SEATTLE, WASHINGTON AND CHARLESTON, SOUTH CAROLINA Sound Pharmaceuticals, a Seattle-based biotech firm, announced that first-patient-in has been achieved in the STOP Ototoxicity Phase 2 clinical trial. This novel interventional study with the company’s oral drug, SPI-1005, is aimed to prevent and treat ototoxicity in patients with Cystic Fibrosis undergoing intravenous (IV) tobramycin for the treatment of acute pulmonary exacerbation.

One of the most common side effects of aminoglycoside antibiotics, such as tobramycin, is ototoxicity, which can leave patients with permanent hearing loss, tinnitus or dizziness issues. Aminoglycoside antibiotics commonly used to treat respiratory infections involving gram negative bacteria (Pseudomonas).
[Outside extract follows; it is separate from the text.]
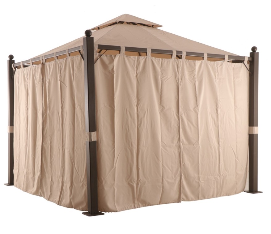 - Шторы в количестве 6 штук, на каждую сторону шестигранной беседки. Их размер – ширина 175 см, высота 195 см. существует возможность увеличить полотно до ширины 200 см, высоты 220 см, но эта опция требует уточнения у продавца;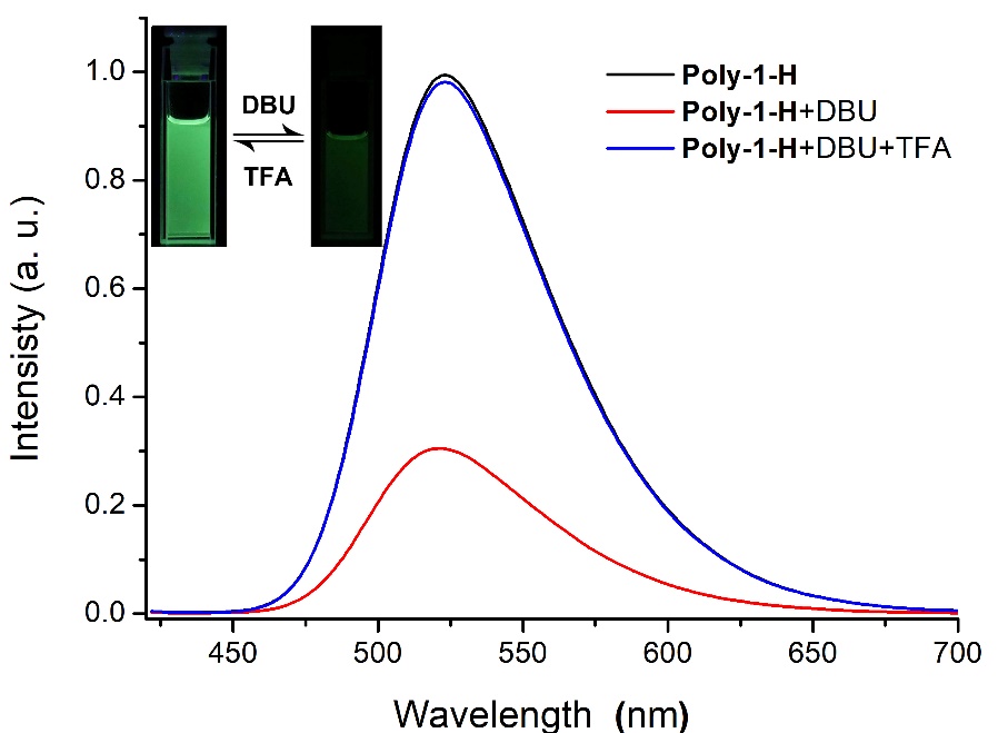 拓扑结构变化广泛存在于自然界中,例如DNA 具有双螺旋结构,当生命活动涉及到DNA 的转录、翻译以及折叠等过程,就会伴随着拓扑结构的转变。由于环型拓扑结构的聚合物没有末端,与线型或支化拓扑结构的聚合物相比,在结构以及理化性质等方面大相径庭,在微电子、生物医药、环境处理以及高性能材料方面取得了极具特色的应用。但是由于合成以及纯化困难,使得创造新的环型聚合物仍是一项不小的挑战并限制了其大范围的应用。作者采用一种只需简单酸碱刺激就可驱动聚合物微观拓扑结构发生宏观肉眼可视变化的策略来制备环型聚合物。作者在[1]轮烷分子梭的杆状骨架上引入柔性聚四氢呋喃链,设计并制备基于双稳态[1]轮烷分子梭的线型-环型拓扑结构可逆转变聚合物。聚合物的两端分别引入二茂铁功能化的[1]轮烷和绿色荧光的萘酰亚胺基团,分子内能够表现出距离诱导的光致电子转移作用(图5)。通过简单的酸碱刺激,双苯并24冠8大环在二苄铵和甲基三氮唑两个不同识别位点穿梭,发生肉眼可见的荧光强度变化(图6),证明聚合物发生线型和环型拓扑结构转变。这项工作为构建具有拓扑结构的环型聚合物提供了一种新的策略。(Chin. Chem. Lett., 2022. 33, 1533-1536)

Last year, Sound Pharmaceuticals was awarded up to $1.6M from the Cystic Fibrosis Foundation Therapeutics Inc. (CFFT), a non-profit drug discovery and development affiliate of the Cystic Fibrosis Foundation, to support its research efforts and development of SPI-1005.

 

Stopping Ototoxicity

 

The STOP Ototoxicity study is led by Patrick Flume, MD, Professor of Medicine and Pediatrics at MUSC in Charleston, South Carolina. Dr. Flume is an international expert in CF and pulmonary disease and has co-chaired the development of the CF Foundation’s care guidelines on the treatment of pulmonary exacerbations.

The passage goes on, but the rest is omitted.